Eusebio Di Francesco

(La Repubblica – M. Pinci) Cosa sia successo alla Roma negli ultimi due mesi non lo ha capito nessuno. Ma su una cosa a Trigoria hanno le idee chiarissime: o l’aperitivo delle 12.30 col Verona segna una svolta o nulla sarà più lo stesso. Sette partite senza vincere erano capitate sotto la gestione americana al solo Garcia, per trovarne una peggiore bisogna tornare all’anno 2005. Cambiare senza essere cambiata: il mercato che poteva toglierle Dzeko o Nainggolan, El Shaarawy o anche il solo Bruno Peres, ha invece lasciato la Roma identica a quella della prima parte di stagione. Strootman e gli altri dovranno però dimostrare di aver svoltato. Al Bentegodi, dove dopo il passaggio del turno in Champions è forse iniziata, contro il Chievo, la vera crisi d’identità romanista.
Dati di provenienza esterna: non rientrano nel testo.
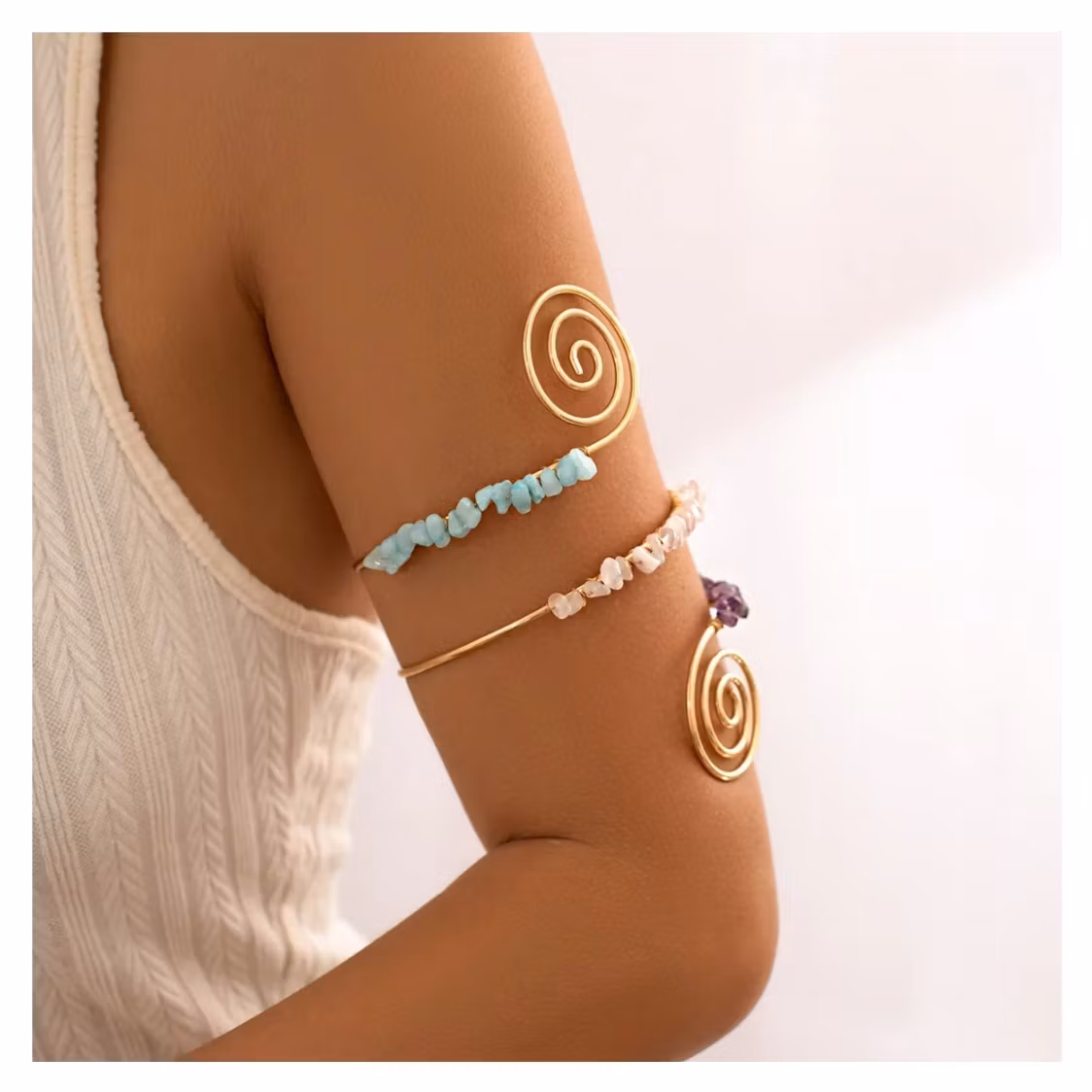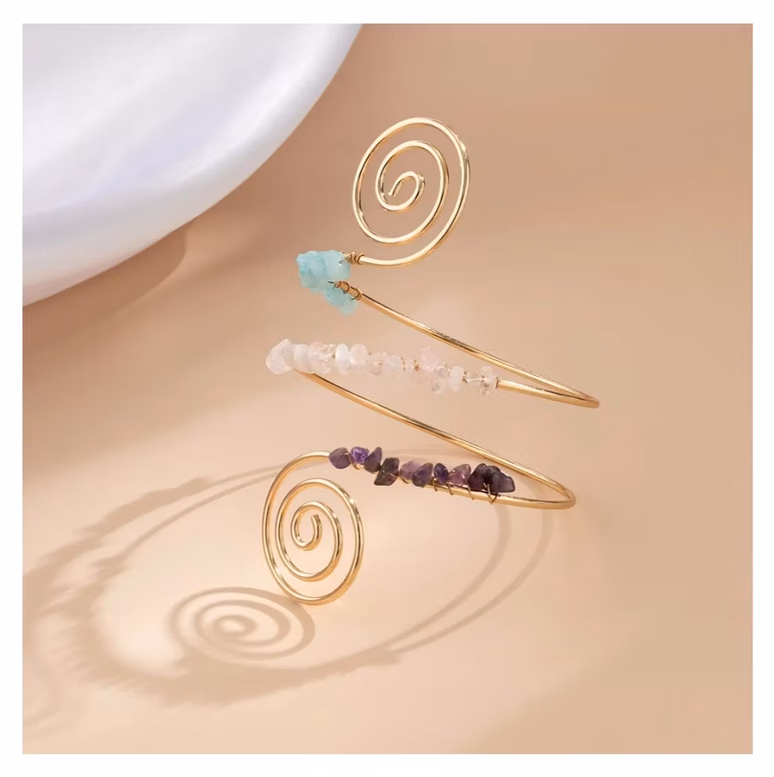 Ett exklusivt armband som elegant slingrar sig stilfullt runt överarmen och ger en unik och bohemisk känsla. De dekorativa spiralformerna tillsammans med färgade stenar skapar en modern men samtidigt avslappnad look.

La marcia d’avvicinamento agli ottavi di Champions contro lo Shakhtar, sembra disegnata per ritrovare convinzione e risultati. Dopo il Verona, Benevento all’Olimpico e Udinese in Friuli. Non arrivasse subito una reazione, la dirigenza dovrà però iniziare a pensare a come defibrillare una squadra che ha smesso di reagire agli stimoli: che siano un richiamo alla responsabilità da parte dei dirigenti o una strigliata dell’allenatore. E tutte le posizioni – pure quella di Di Francesco – saranno valutate, se utili a dare una scossa. Non vuol dire che il tecnico rischi il posto, visto che il ds Monchi gli ha appena rinnovato la fiducia. Ma farsi domande sulle componenti della crisi – tutte – è inevitabile. A fine stagione sarà ancora rivoluzione con almeno 6- 7 big destinati a cambiare aria.
Certo ieri, mentre la Roma s’imbarcava per Verona, sugli smartphone dei giocatori scorrevano i gol di Totti in un torneo di vecchie glorie, insieme a fiumi di nostalgia.